● **Task details**:
The answer must restate the listing word for word, without its images.

● **Dataset excerpt**:
# # # # #
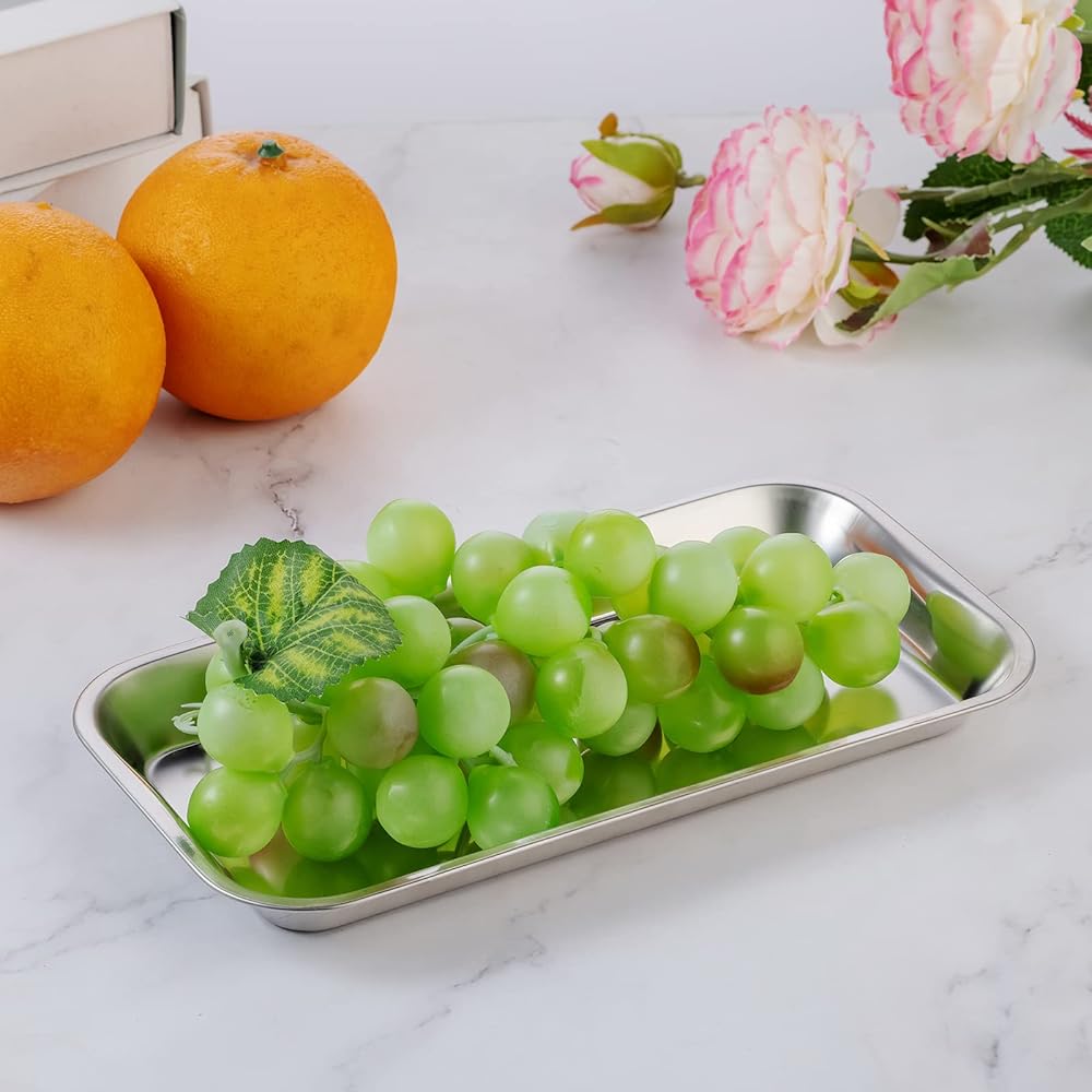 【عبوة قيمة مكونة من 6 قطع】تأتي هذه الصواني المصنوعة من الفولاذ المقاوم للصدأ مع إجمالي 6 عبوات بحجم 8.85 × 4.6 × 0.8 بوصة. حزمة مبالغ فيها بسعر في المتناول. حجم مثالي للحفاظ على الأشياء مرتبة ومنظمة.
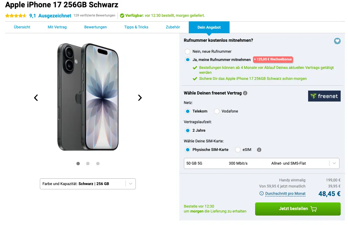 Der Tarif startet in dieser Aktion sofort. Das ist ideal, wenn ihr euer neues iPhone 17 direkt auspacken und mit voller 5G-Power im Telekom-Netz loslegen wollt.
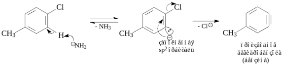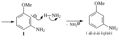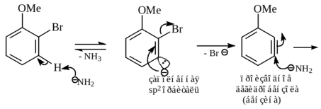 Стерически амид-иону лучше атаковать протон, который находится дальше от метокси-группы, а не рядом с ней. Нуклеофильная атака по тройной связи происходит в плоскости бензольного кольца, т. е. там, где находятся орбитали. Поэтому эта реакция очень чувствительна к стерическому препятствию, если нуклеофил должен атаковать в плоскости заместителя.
# # # # #
● **Solution for this task**:
 【عبوة قيمة مكونة من 6 قطع】تأتي هذه الصواني المصنوعة من الفولاذ المقاوم للصدأ مع إجمالي 6 عبوات بحجم 8.85 × 4.6 × 0.8 بوصة. حزمة مبالغ فيها بسعر في المتناول. حجم مثالي للحفاظ على الأشياء مرتبة ومنظمة.
 Der Tarif startet in dieser Aktion sofort. Das ist ideal, wenn ihr euer neues iPhone 17 direkt auspacken und mit voller 5G-Power im Telekom-Netz loslegen wollt.
 Стерически амид-иону лучше атаковать протон, который находится дальше от метокси-группы, а не рядом с ней. Нуклеофильная атака по тройной связи происходит в плоскости бензольного кольца, т. е. там, где находятся орбитали. Поэтому эта реакция очень чувствительна к стерическому препятствию, если нуклеофил должен атаковать в плоскости заместителя.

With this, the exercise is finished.